From 8609d1867854299c36d30808c44c121fc5113cd8 Mon Sep 17 00:00:00 2001
From: elleven11 <federico.cassano@federico.codes>
Date: Mon, 3 Apr 2023 16:57:35 -0400
Subject: [PATCH] resume and optz

---
 executors/rs_executor.py | 28 +++++++++++++++++++++++-----
 generate_dataset.py      |  1 +
 main.py                  |  3 ---
 reflexion.py             |  4 ++--
 reflexion_ucs.py         |  4 ++--
 simple.py                |  4 ++--
 utils.py                 | 23 +++++++++++++++++++++++
 7 files changed, 53 insertions(+), 14 deletions(-)

diff --git a/executors/rs_executor.py b/executors/rs_executor.py
index 21cfbab..613e91a 100644
--- a/executors/rs_executor.py
+++ b/executors/rs_executor.py
@@ -176,27 +176,35 @@ class RsExecutor(Executor):
         TODO: do it actually
         """
         tmp_dir, tmp_path = create_temp_project()
+        print(f"Evaluating\n{func + test}", flush=True)
         write_to_file_toplevel(tmp_path, func + test)
 
         res = run_with_timeout(
-            "cargo check --message-format=json", tmp_dir, timeout=timeout)
+            "cargo check --message-format=json", tmp_dir, timeout=timeout, print_debug=True)
         assert res is not None, "Timeout in cargo check, wow"
 
         errs = grab_compile_errs(res[0])  # (check returns stdin)
         if len(errs) > 0:
             # cleanup the temp directory
             os.system(f"rm -rf {tmp_dir}")
+            print("Compile errors. Failed eval", flush=True)
             return False
 
         # compile and run the binary
         res = run_with_timeout("cargo run", tmp_dir,
-                               timeout=timeout, print_debug=False)
+                               timeout=timeout, print_debug=True)
         os.system(f"rm -rf {tmp_dir}")
 
         if res is None:
+            print("Timeout?. Failed eval", flush=True)
             return False
         else:
             errs = grab_runtime_errs(res[1])
+            if len(errs) > 0:
+                print("Runtime errors.

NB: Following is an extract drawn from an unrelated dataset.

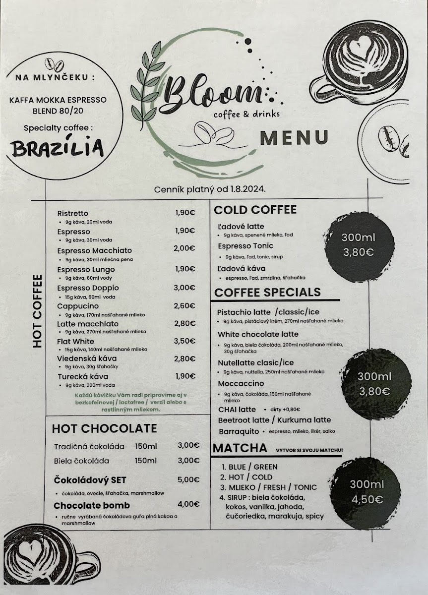 Bloom coffee & drinks Menu

Failed eval", flush=True)
+                return False
+
+            print("Passed eval", flush=True)
             return len(errs) == 0
 
 
@@ -295,16 +303,26 @@ def grab_runtime_errs(inp: str) -> List[RuntimeErr]:
     curr_left = None
     panic_reason = None
     for line in split:
-        if "panicked at" in line:
+        if "fatal runtime" in line:
+            # we have a panic
+            panic_idx = line.index("fatal runtime")

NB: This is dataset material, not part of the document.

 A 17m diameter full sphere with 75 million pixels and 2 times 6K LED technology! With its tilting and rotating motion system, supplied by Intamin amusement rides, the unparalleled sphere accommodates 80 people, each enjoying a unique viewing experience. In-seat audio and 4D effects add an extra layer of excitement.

+            panic_reason = line[panic_idx + len("fatal runtime") + 1:]
+        elif "panicked at" in line:
             panic_idx = line.index("panicked at")
             # strip source line if it exists
             if "src/main.rs" in line:
                 line = line[:line.index("src/main.rs")]
             panic_reason = line[panic_idx + len("panicked at") + 1:]
         elif "left:" in line:
-            curr_left = line.split("`")[1]
+            split = line.split("`")
+            if len(split) < 2:
+                continue
+            curr_left = split[1]
         elif "right:" in line:
-            curr_right = line.split("`")[1]
+            split = line.split("`")
+            if len(split) < 2:
+                continue
+            curr_right = split[1]
             # get the line and column number
             fileinto = line.split(",")[-1]
             line = int(fileinto.split(":")[1])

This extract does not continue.